The probable routes of human exposure to 2,4,5-trichlorophenol are inhalation, ingestion, and dermal contact (U.S. EPA, 1994a).
Non-Cancer: 2,4,5-Trichlorophenol is an eye and respiratory system irritant upon acute exposure in humans. No information is available on the chronic effects of exposure to 2,4,5-trichlorophenol in humans. In one study, rats chronically exposed to 2,4,5-trichlorophenol in their diet were observed to develop slight degenerative changes in the liver and kidneys (U.S. EPA, 1994a).
The U.S. EPA has not established a Reference Concentration (RfC) for 2,4,5-trichlorophenol, but has set an oral Reference Dose (RfD) of 0.1 milligrams per kilogram per day based on liver and kidney pathology in rats.

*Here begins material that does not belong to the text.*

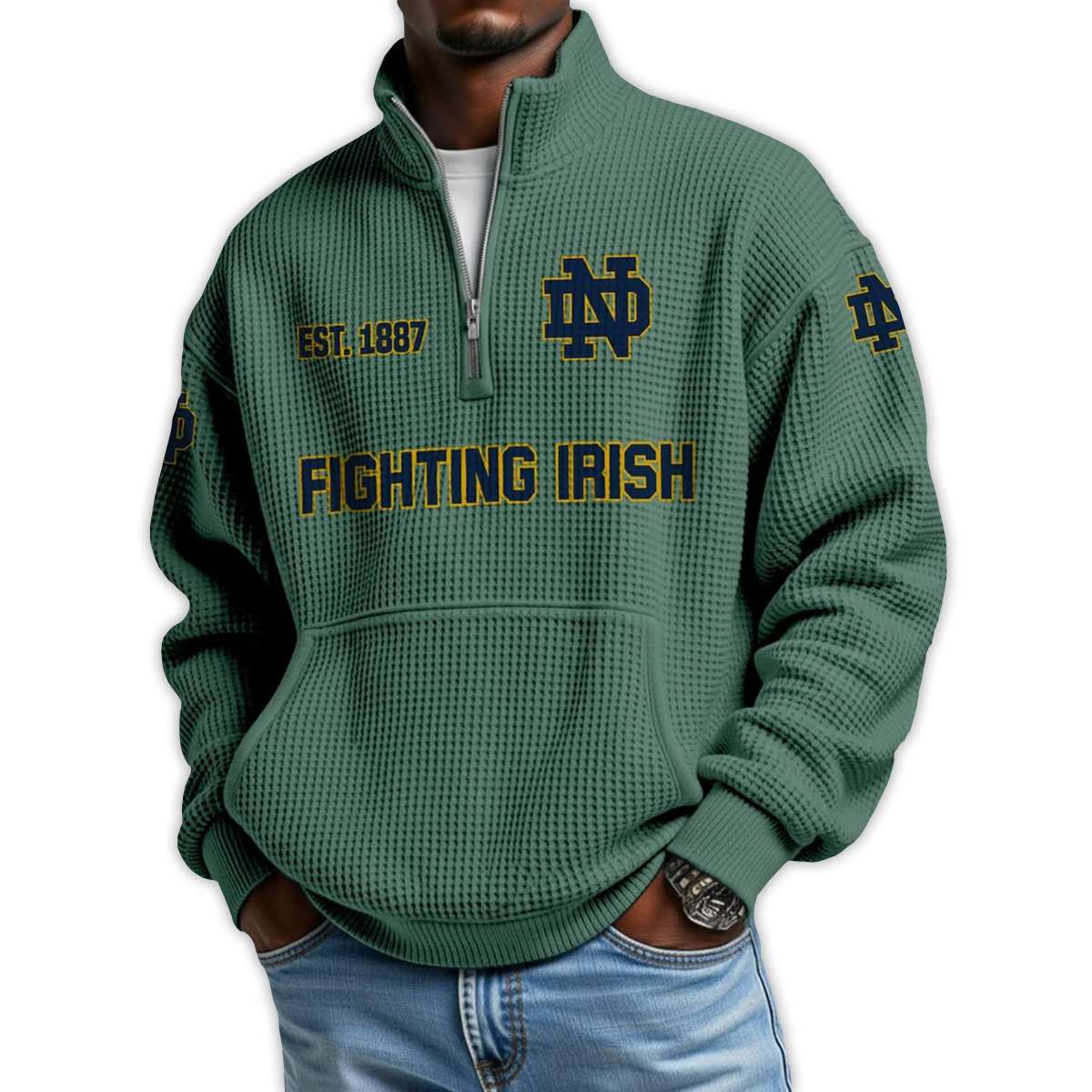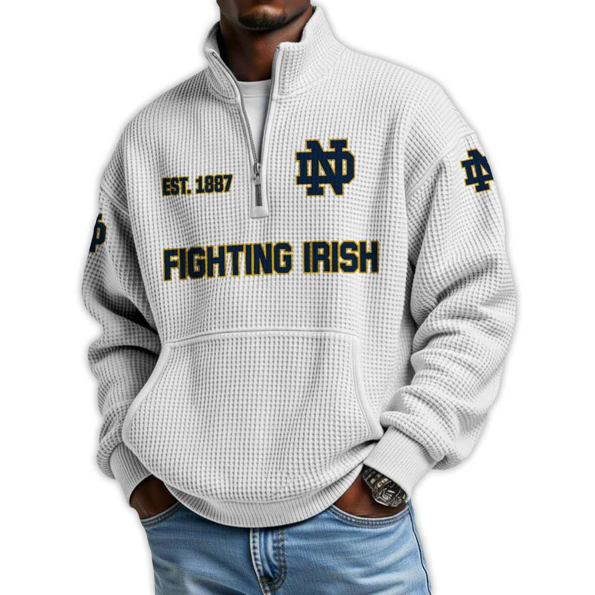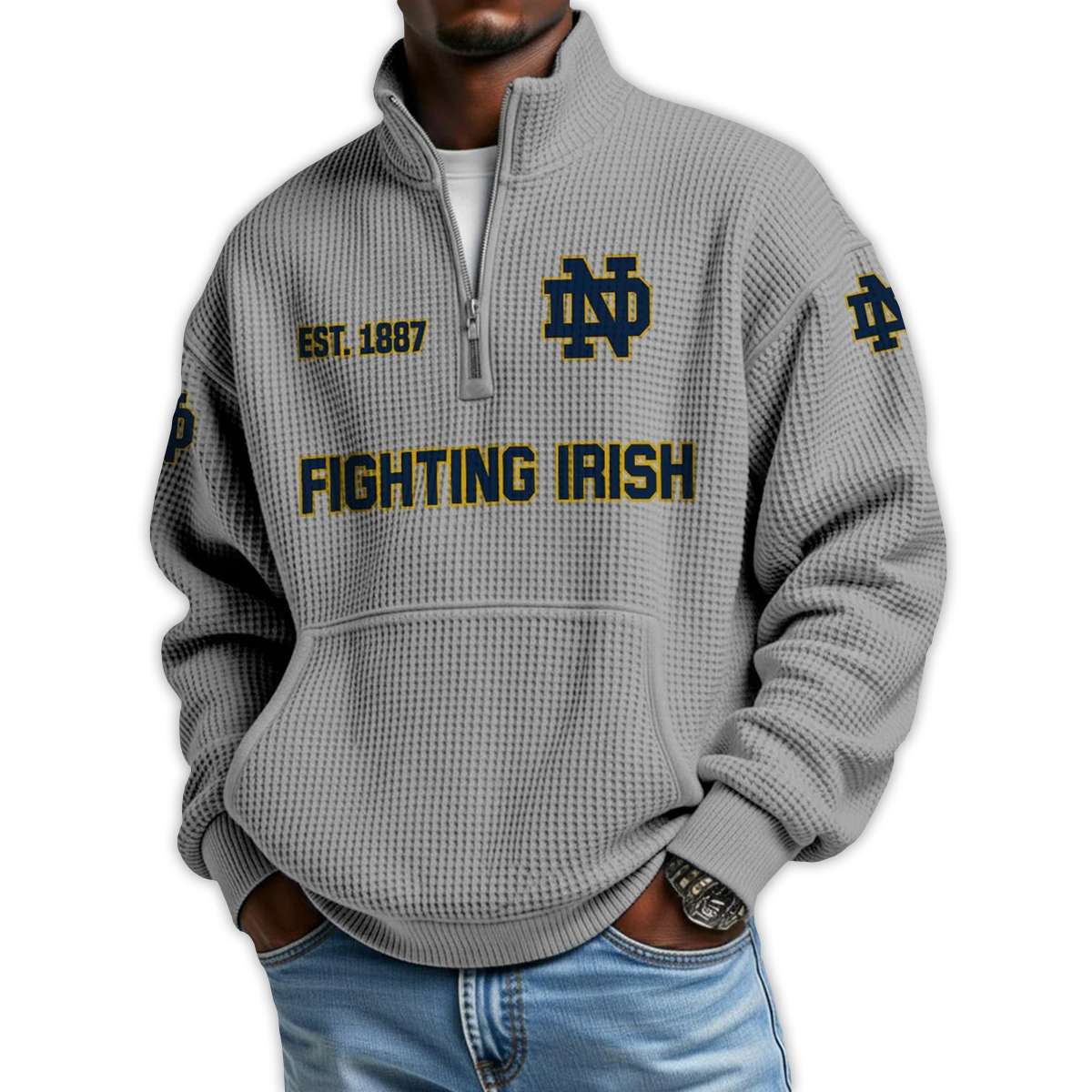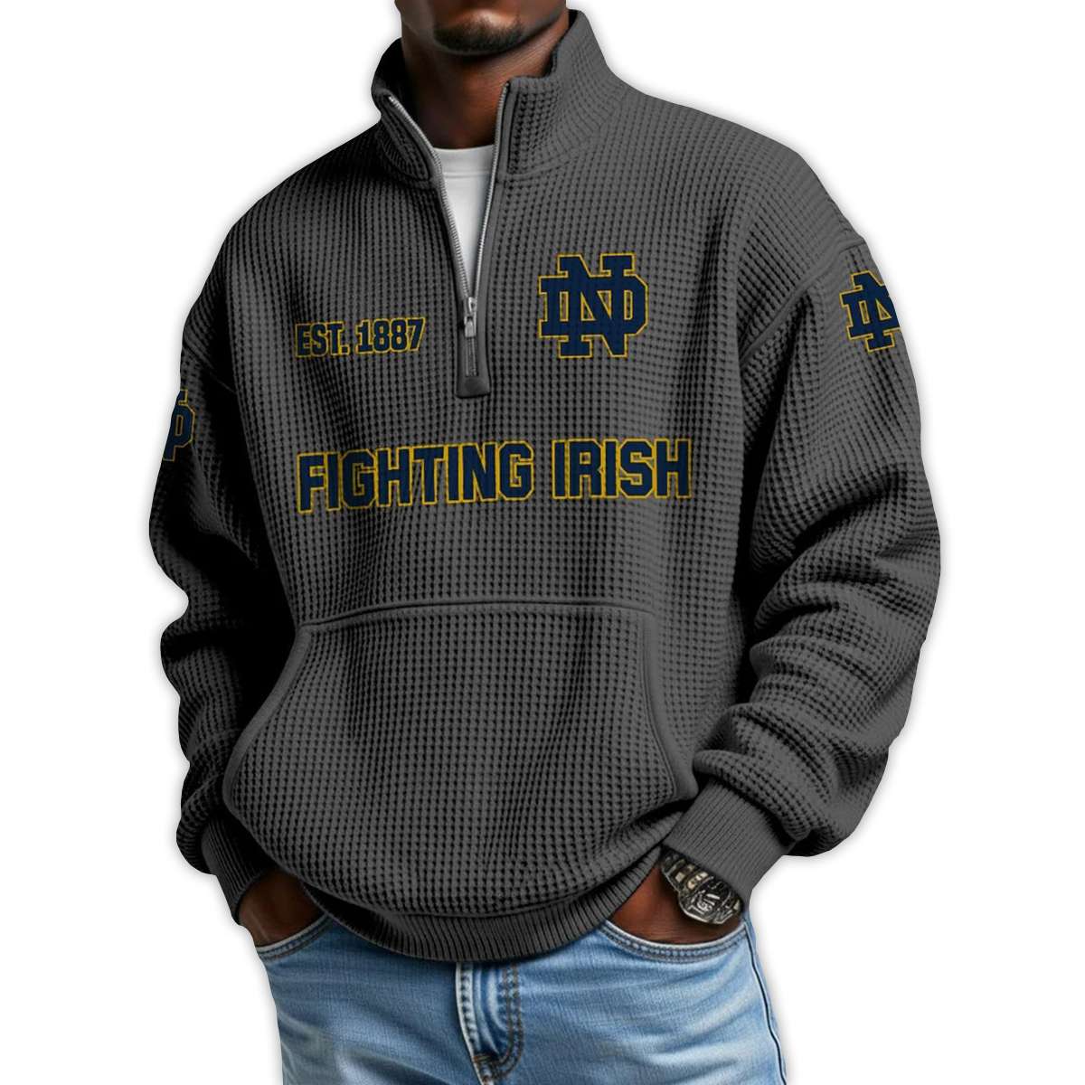 Honor a legacy of grit with the Fighting Irish Football Est 1887 Waffle Stand Collar Half Zip Sweatshirt. Featuring bold graphics and historic emblems, this pullover connects fans to Notre Dame’s storied football tradition, iconic players, and enduring spirit of perseverance.

The U.S. EPA estimates that consumption of this dose or less, over a lifetime, would not likely result in the occurrence of chronic, non-cancer effects (U.S. EPA, 1994a).
No information is available on adverse reproductive or developmental effects of 2,4,5-trichlorophenol in humans. No birth defects were observed in several studies of mice exposed by gavage to 2,4,5-trichlorophenol. In one study, a reduction in litter size was reported. No changes in fetal or maternal parameters were noted in rats exposed to 2,4,5-trichlorophenol by injection (U.S. EPA, 1994a).
Cancer: No information is available on the carcinogenic effects of 2,4,5-trichlorophenol in humans. The U.S. EPA has classified 2,4,5-trichlorophenol as Group D: Not classifiable as to human carcinogenicity due to inadequate human and animal data (U.S. EPA, 1994a). The International Agency for Research on Cancer (IARC) has classified 2,4,5-trichlorophenol as Group 2B: Possible human carcinogen based on limited animal evidence (IARC, 1987a).